Wednesday, June 11, 2014

Traceability of food products

The emergence concept of keeping track of food products and their different ingredients through the various stages for filed to plate offers a potential means of managing some of the safety and quality concerns around food.

Traceability is the ability to follow the movement of a food product through the stages of production, processing and distribution. It has existed for years, although it has and does go by other names such as logistics control, inventory management and on the food safety side, involves product recalls.

Traceability, the documentation of product flows, is a means to make the history of a product available for inspection.

Primary traceability functions include real item access to the current product location, product status, the responsible worker for the product, the destination of a specific product and a list with the batch numbers and suppliers of the raw materials used to produce a certain products.

Traceability includes both traceback and trace forward. Traceback is the ability to trace a food product from the retail shelf back to the farm.

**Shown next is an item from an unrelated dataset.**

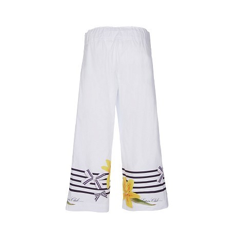 Белые брюки для девочки Lapin House – это идеальный выбор для стильных и комфортных образов! Изготовленные из 97% хлопка и 3% эластана, они украшены изящным принтом из желтых лилий и черных полосок на белом фоне. Белая основа с яркими цветочными и геометрическими элементами создает легкое и в то же время стильное настроение. На фотографиях видна аккуратная белая окантовка по краю и мягкая текстура ткани. Качество от бренда из Греции и внимание к деталям делают эти брюки отличным выбором для вашего ребенка!

Conversely, trace forward is the ability to trace a food product from the farm forward to the retail shelf.

Traceability is often needed to identify the resources of food contamination and the recipients of contaminated food in product recalls and seizures.

Systems of traceability are generally paper based although electronic methods are becoming more common.

The use do bar-codes to identify products, manufacturers etc., means that an electronic of traceability can be relatively easily sustained using bar-code scanners linked or downloading to computer system.